Теперь улыбнулся «мастеровой» – той самой саркастической улыбкой, которую не раз пускал в ход на допросах, показывая грабителям, ворам, аферистам и содержателям притонов, что лучше бы им заткнуть фонтан вранья и давать признательные показания. Во избежание применения к задержанным более радикальных методов ведения следствия.

– Единение сыскной полиции и Третьего отделения? Ор-ригинально!

– Не беспокойтесь, не навек. Притом только для того, чтобы не мешать друг другу.

– Так-так. Надо полагать, моего подопечного пасут и ваши люди, Николай Николаевич?
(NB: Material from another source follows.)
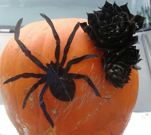 También hizo lo mismo con una calabaza grande pero una araña ha añadido en él.

– Странно, что вы этого еще не заметили, Акакий Фразибулович… А наш подопечный неплохо устроился! Мот, кутила, игрок. По вечерам банчишко, шампанское, дамочки, веселье до утра… Нет, мраксисты не разлагаются – они взрослеют. Совсем новая маска. И место хорошее – почти под боком Жандармского управления. Люблю таких наглецов. Притом до Пресни рукой подать, и нумера как раз для такого вот Ноздрева…
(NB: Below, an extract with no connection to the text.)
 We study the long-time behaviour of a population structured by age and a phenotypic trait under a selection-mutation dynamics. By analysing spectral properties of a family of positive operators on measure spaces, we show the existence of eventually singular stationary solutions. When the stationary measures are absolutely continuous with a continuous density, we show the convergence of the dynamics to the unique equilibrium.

– Эк вы его приложили, – усмехнулся Царапко. – А ведь в точку. Прелюбопытнейший фрукт, доложу я вам. Никогда не знаешь, что он выкинет в следующую минуту…

– Ну, в данную-то минуту он выкидывает из окна какого-то безмозглого типа, – сказал Лопухин, даже не обернувшись на звон стекла, короткий вопль и удар тела о мостовую. – Не ваш ли это агент?

Позади него испуганные восклицания прохожих перекрыл пронзительный свисток городового, поспешавшего к месту происшествия. Туда же устремился репортер Легировский, чуя поживу десятка на два строк.

– Мой агент, – не стал отпираться Царапко. – Но почему вы решили, что он безмозглый?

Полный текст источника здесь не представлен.